Filmmaker Isaac Nabwana, left, and East Northport native Alan Hofmanis. (Hofmanis' face is covered with fake blood, while he takes a break from shooting one of Nabwana's movies.) Credit: Wakaliwood

Isaac Godfrey Geoffrey Nabwana, an action-film director from Uganda, is about to have his moment in America thanks largely to a Long Islander who’s been working behind the scenes.

Alan Hofmanis, an East Northport native, flew to Uganda nearly 10 years ago to meet Nabwana and wound up staying to work as the filmmaker’s unofficial publicist, agent and occasional star. “People ask me, why am I there?” Hofmanis says. “I think he’s a genius.”

Hofmanis has become a kind of ambassador for Nabwana’s low-budget but highly imaginative action films. His output is so prolific (more than 30 films and counting) that he likes to call his hometown Wakaliwood. As for Hofmanis, his years of working on the director’s behalf — entering the films into festivals, helping launch a Kickstarter campaign, flying back to New York to meet with film-industry insiders — are finally paying off. He has secured a home-video distribution deal for Nabwana that begins later this year. He also will embark on a tour to host Nabwana’s “Bad Black” (starring Hofmanis himself) at more than two dozen theaters across the United States. That tour begins Monday, May 13, at no less prestigious a venue than Manhattan's Museum of Modern Art. It is also scheduled to be screened May 23 at Cinema Arts Centre in Huntington.

“I’m so honored,” Nabwana, who could not obtain a visa to leave Uganda, said by phone from home earlier this week. “It has been our dream for so many years that someone could come and find our products and reach them all over the world.”

Hofmanis, a former film-festival programmer who also worked at Huntington’s Cinema Arts Centre, first heard of Nabwana when a friend showed him a trailer on YouTube. Commenters poked fun at the crude special effects and shaggy fight choreography, but Hofmanis was intrigued by the creativity and resourcefulness on display. Two weeks later, Hofmanis was in Uganda, asking directions to Wakaliga, a slum in the capital of Kampala.
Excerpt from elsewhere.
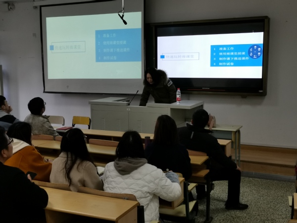 会后,beats365对外聘教师和新教师开展了信息化课堂教学培训。首先何雪莲副经理带领外聘教师熟悉多媒体教室并指导了多媒体教室设备的使用。之后,徐媛媛和贺美娜老师分别对网络教学平台雨课堂和学习通的使用进行了介绍和实操演示。两位教师分别就两种信息化教学软件的常规功能和课堂互动功能进行了详细说明和现场演示,如,建课、建立班级、班级管理、上课点名、教学资料上传、课堂测试、选人、抢答、试卷等,并就外聘教师和新教师们提出的问题进行了一一解答。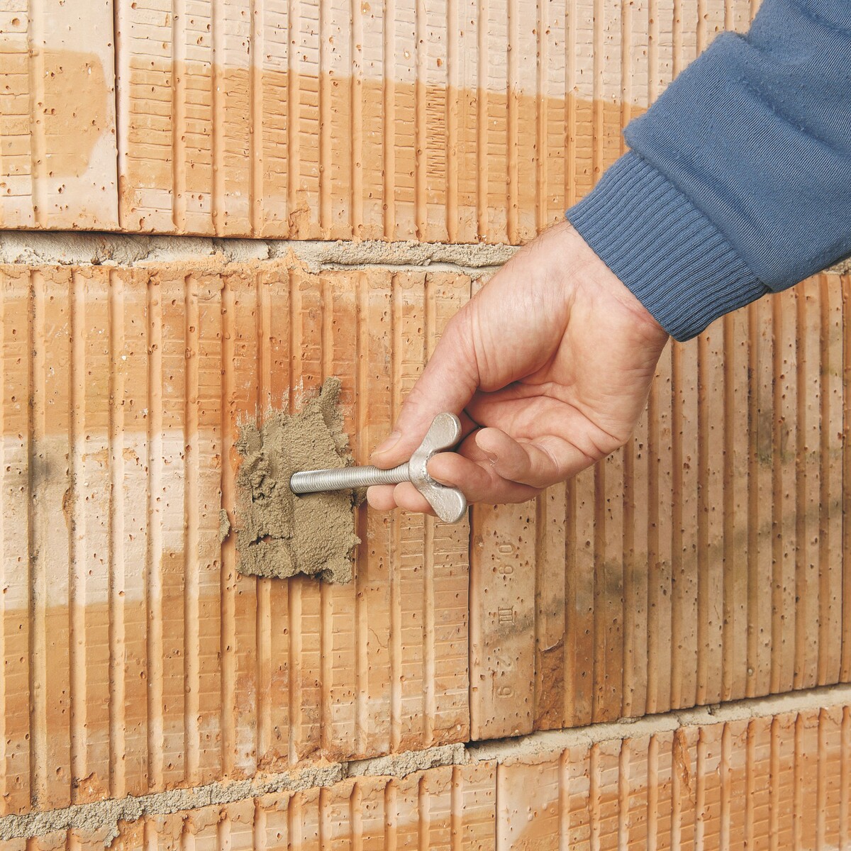 Ensuite, enfoncer l'élément à fixer (ancrage, chevilles, etc.) dans le mortier frais et l'aligner. Comme le Ciment à prise rapide Baumit durcit au bout de 3 à 5 minutes seulement, les étapes de travail doivent être effectuées rapidement les unes après les autres.

“I think I bought the world’s most expensive movie tickets,” Hofmanis recalls telling himself. “And there wasn’t even a theater.”

What he found was a village with little to no electricity and ditches for sewers. There, Nabwana had set himself up as a one-man film studio, using locals as actors and fashioning props from whatever he found — car parts, kitchen utensils, chunks of wood. Special effects, such as explosions, are generated on scavenged computers that Nabwana found and rebuilt himself.

The results can be chaotic, to say the least — especially when coupled with running audio commentary by a “video joker,” or VJ, who half explains and half mocks the action on screen.

“I thought it was kind of amazing,” says Ron Magliozzi, film curator at the Museum of Modern Art, who first encountered Nabwana’s work after meeting Hofmanis through a colleague. “These films make 'Mystery Science Theater' look like a PBS documentary.”

In June, the American Genre Film Archive, known as AGFA — a sister company of Alamo Drafthouse, the art-house theatrical chain — will release a Blu-ray/DVD set of Nabwana’s “Who Killed Captain Alex?” and “Bad Black.” Joe Ziemba, director of AGFA, says the discs will be packed with extras, from featurettes to mini-docs to audio commentary, all of it curated by Hofmanis.

“Alan is like the tank going into battle,” Ziemba says. “The films are Isaac’s vision, but Alan makes sure everything happens.”

Hofmanis says his main goal for Nabwana is simply exposure. “I don’t think it’s right that people know James Cameron but they don’t know him,” he says. “I just want people to have the opportunity to see his movies.”